:: GIVEN DATA ::

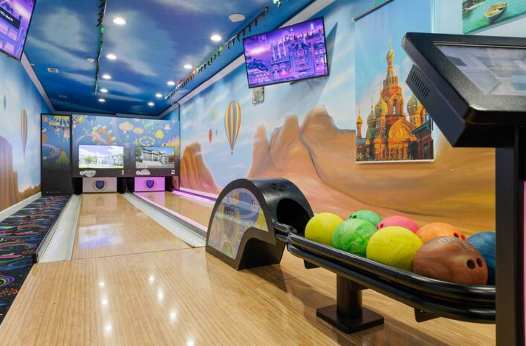 There are 12 rooms with king beds; 1 room with 2 full-over-full bunk beds; and 1 room with 2 full-over-full bunk beds, for a total number of beds: 20. The house sleeps up to 40 people.Indulge in endless entertainment options with your private bowling alley, pool-side TV, wall-to-wall TV in the living room, pool table, arcade games, and a home theater complete with a 4k 120-inch TV screen. The open-concept living room space is perfect for entertaining guests with a premium quality audio system, while all 14 bedrooms feature Smart 4k TVs and plush carpeted floors.
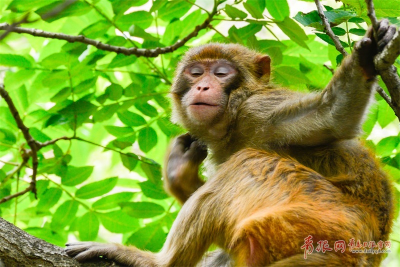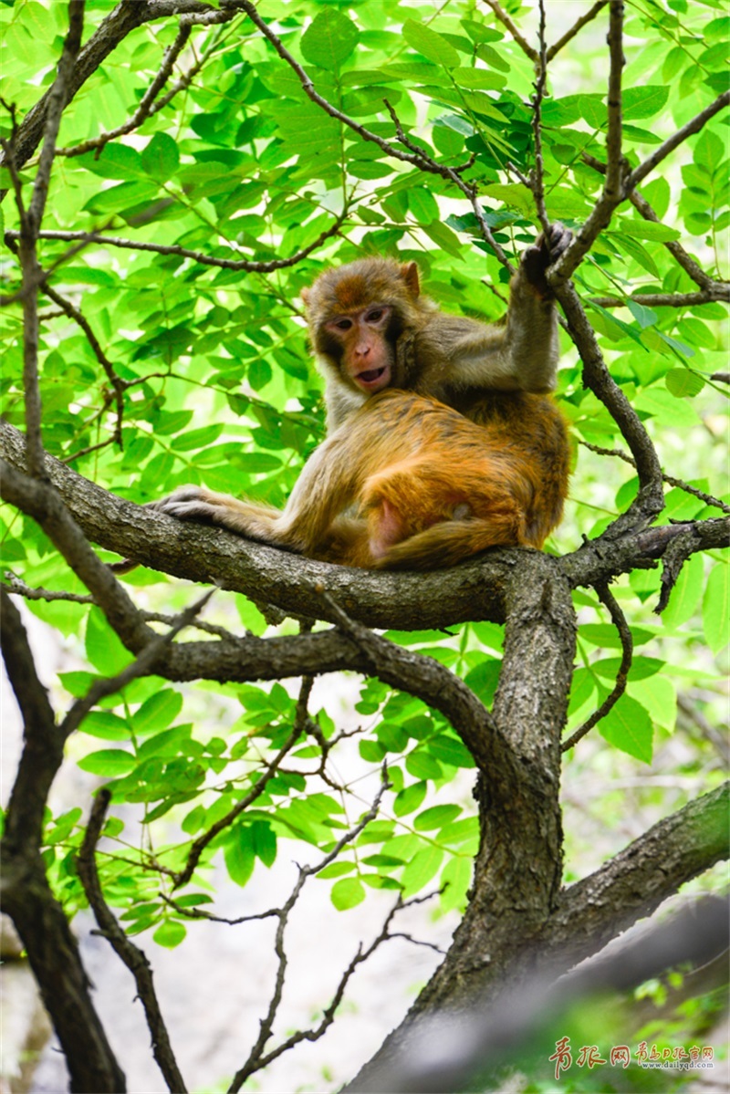 憨態(tài)可掬的猴子在山間自由穿梭。
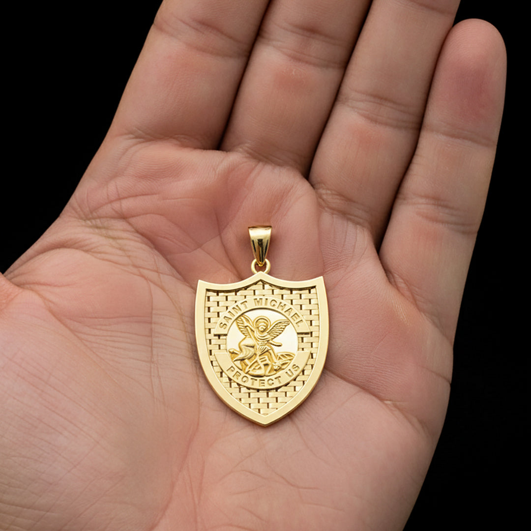 Come try our newly designed 14K yellow gold Saint Michael shield pendant. This pendant features an embossed figurine of St. Michael slaying Satan, a shield or badge shape, and a detailed weave pattern background. All of our new saint medals are designed to last multiple lifetimes. They are solid, heavy & highly detailed. Saint Michael is the legendary patron saint of travelers, invoked as protection against danger, storms, and plagues.
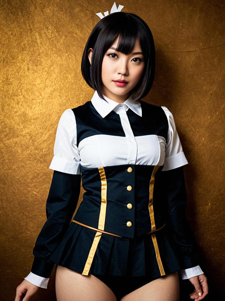 Sexy cosplay woman character wearing Saki Hanajima costume. Realistic photo. Jane Doe dressed as Saki Hanajima --sref 1404
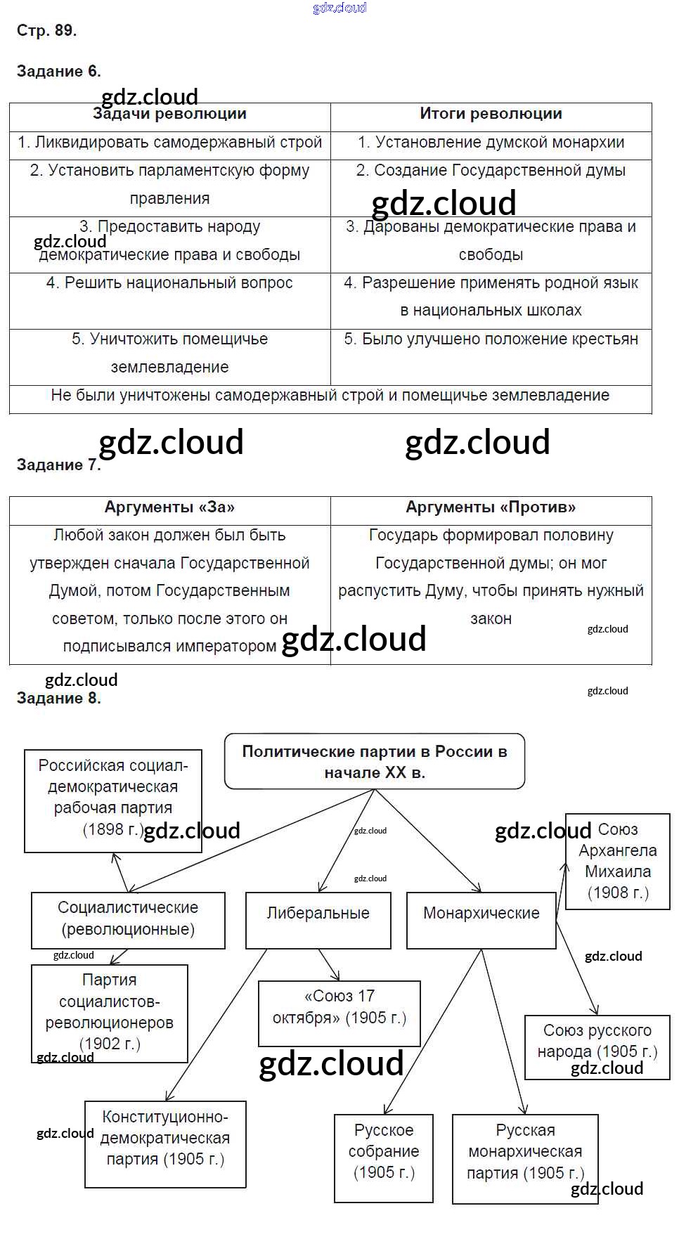 Ответ на задание стр.89 Рабочая тетрадь История за 9 (девятый) класс Чернова УМК 2017 Часть 1, 2
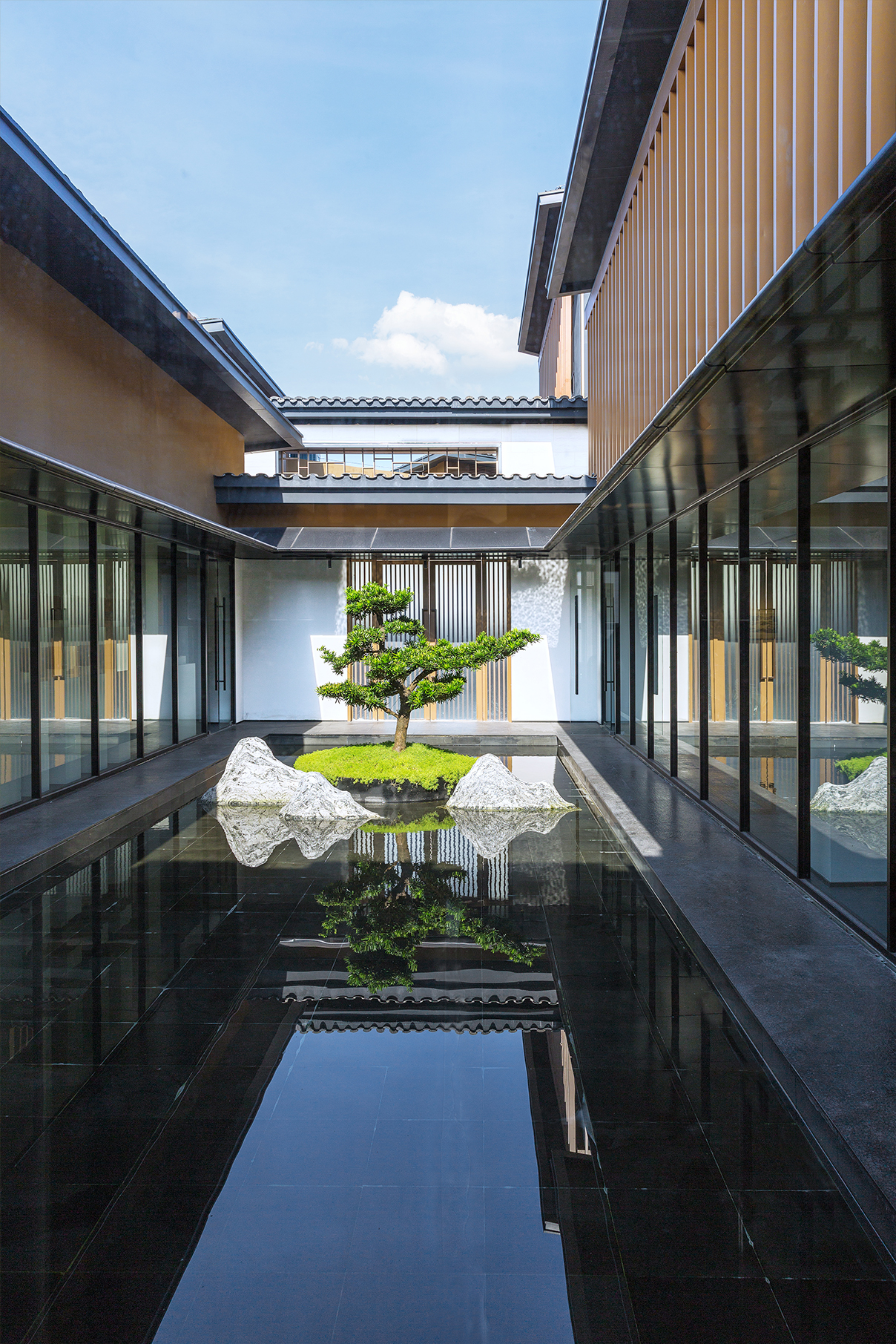 精品酒店區(qū)匯聚人文氣息,采用現(xiàn)代設(shè)計(jì)語(yǔ)言,強(qiáng)調(diào)整體、厚重、秩序感,營(yíng)造宋文化書院”禮 仁 樂“的空間秩序。
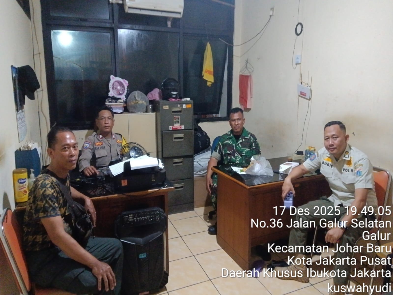 Jakarta Pusat — Dalam rangka menjaga stabilitas keamanan dan ketertiban masyarakat (kamtibmas) menjelang perayaan Natal dan Tahun Baru (Nataru) 2026, Bhabinkamtibmas Kelurahan Galur bersama unsur Tiga Pilar dan Forum Kewaspadaan Dini Masyarakat (FKDM) menggelar kegiatan koordinasi kamtibmas, Rabu (17/12/2025) malam.
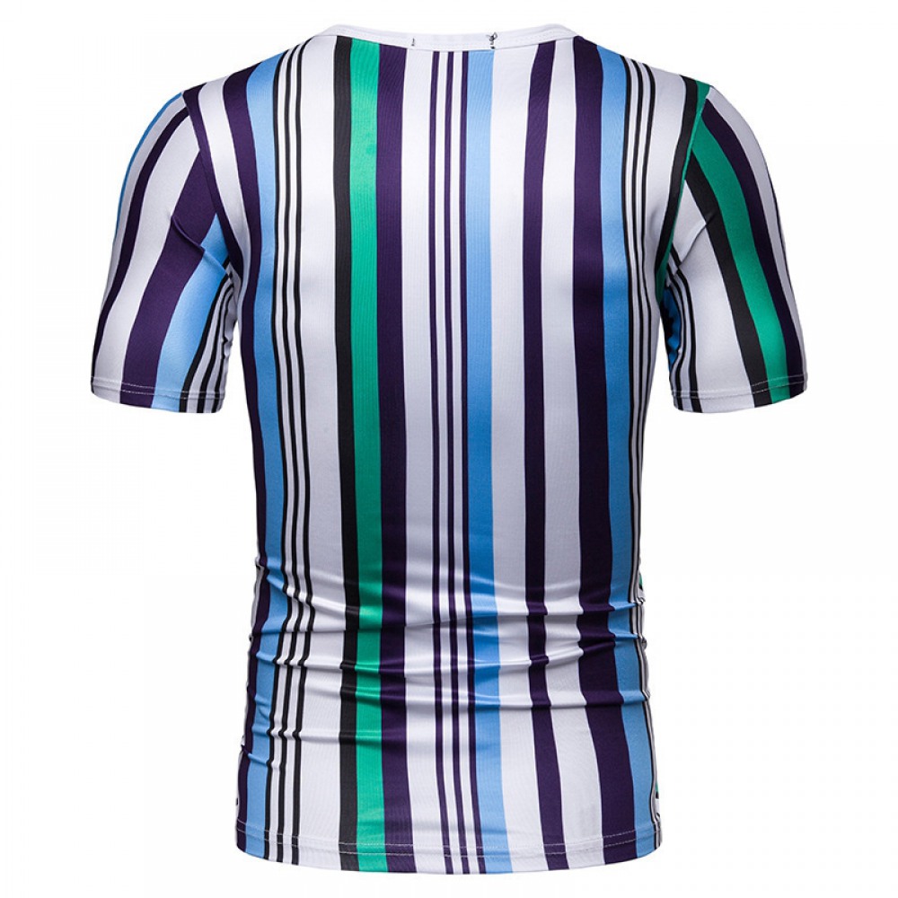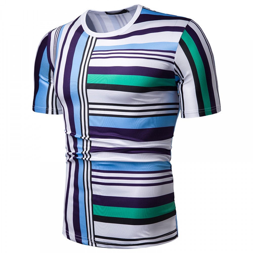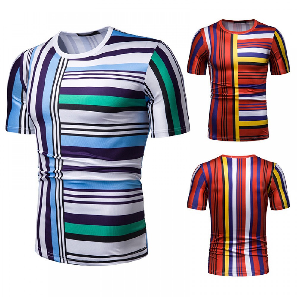 New Summer Men's Short-Sleeved T-Shirt Mens Contrast Striped Slim Casual T-Shirts
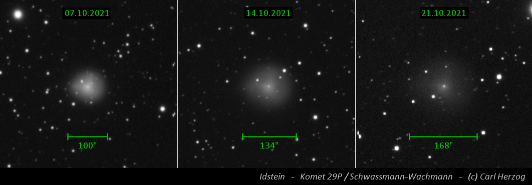 Schwarz-Weiß Aufnahmen vom Kometen 29P im Abstand von je einer Woche, mit einer Schätzung der

:::

**EXERCISE AIM**
Reproduce the records above from their first line to the line bearing "Ответ на задание", both ends included, leaving every picture out.

**RESPONSE**
 There are 12 rooms with king beds; 1 room with 2 full-over-full bunk beds; and 1 room with 2 full-over-full bunk beds, for a total number of beds: 20. The house sleeps up to 40 people.Indulge in endless entertainment options with your private bowling alley, pool-side TV, wall-to-wall TV in the living room, pool table, arcade games, and a home theater complete with a 4k 120-inch TV screen. The open-concept living room space is perfect for entertaining guests with a premium quality audio system, while all 14 bedrooms feature Smart 4k TVs and plush carpeted floors.
 憨態(tài)可掬的猴子在山間自由穿梭。
 Come try our newly designed 14K yellow gold Saint Michael shield pendant. This pendant features an embossed figurine of St. Michael slaying Satan, a shield or badge shape, and a detailed weave pattern background. All of our new saint medals are designed to last multiple lifetimes. They are solid, heavy & highly detailed. Saint Michael is the legendary patron saint of travelers, invoked as protection against danger, storms, and plagues.
 Sexy cosplay woman character wearing Saki Hanajima costume. Realistic photo. Jane Doe dressed as Saki Hanajima --sref 1404
 Ответ на задание стр.89 Рабочая тетрадь История за 9 (девятый) класс Чернова УМК 2017 Часть 1, 2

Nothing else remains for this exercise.